Configure your Collector to gather LangSmith telemetry
As seen in the previous section, the various services in a LangSmith deployment emit telemetry data in the form of logs, metrics and traces. You may already have telemetry collectors set up in your Kubernetes cluster, or would like to deploy one to monitor your application.
This section will show you how to configure an OTel Collector to gather telemetry data from LangSmith. Note that all of the concepts discussed below can be translated to other collectors such as Fluentd or FluentBit.
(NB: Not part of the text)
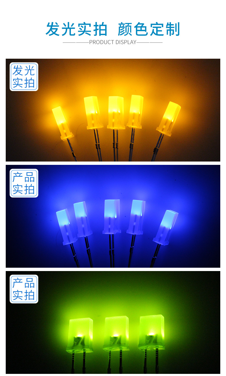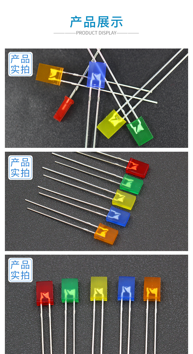 2X5X7方形带色长脚直插LED灯珠红蓝黄翠绿光257led灯珠
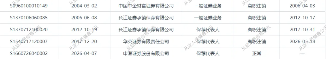 是具有丰富执业经验的保荐代表人,其职业生涯跨越多家知名券商,在A股IPO、再融资及持续督导等多个领域有深度参与。

This section is only applicable for Kubernetes deployments.
Receivers
Logs
As discussed previously, logs are read from the filesystem of the nodes/containers running the application. This is an example for a Sidecar collector to read logs from its own container, excluding noisy logs from non-domain containers. A Sidecar configuration is useful here because we require access to every container's filesystem. A DaemonSet can also be used.
filelog:
exclude:
- "**/otc-container/*.log"
- "**/postgres-metrics-exporter/*.log"
- "**/redis-metrics-exporter/*.log"
include:
- /var/log/pods/${POD_NAMESPACE}_${POD_NAME}_${POD_UID}/*/*.log
include_file_name: false
include_file_path: true
operators:
- id: container-parser
type: container
retry_on_failure:
enabled: true
start_at: end
env:
- name: POD_NAME
valueFrom:
fieldRef:
fieldPath: metadata.name
- name: POD_NAMESPACE
valueFrom:
fieldRef:
fieldPath: metadata.namespace
- name: POD_UID
valueFrom:
fieldRef:
fieldPath: metadata.uid
volumes:
- name: varlogpods
hostPath:
path: /var/log/pods
volumeMounts:
- name: varlogpods
mountPath: /var/log/pods
readOnly: true
This configuration requires 'get', 'list', and 'watch' permissions on pods in the given namespace.
Metrics
Metrics can be scraped using the Prometheus endpoints. A single instance Gateway collector can be be used to avoid duplication of queries when fetching metrics. The following config scrapes all of the default named LangSmith services:
prometheus:
config:
scrape_configs:
- job_name: langsmith-services
metrics_path: /metrics
scrape_interval: 15s
# Only scrape endpoints in the LangSmith namespace
kubernetes_sd_configs:
- role: endpoints
namespaces:
names: [<langsmith-namespace>]
relabel_configs:
# Only scrape services with the name langsmith-.*
- source_labels: [__meta_kubernetes_service_name]
regex: "langsmith-.*"
action: keep
# Only scrape ports with the following names
- source_labels: [__meta_kubernetes_endpoint_port_name]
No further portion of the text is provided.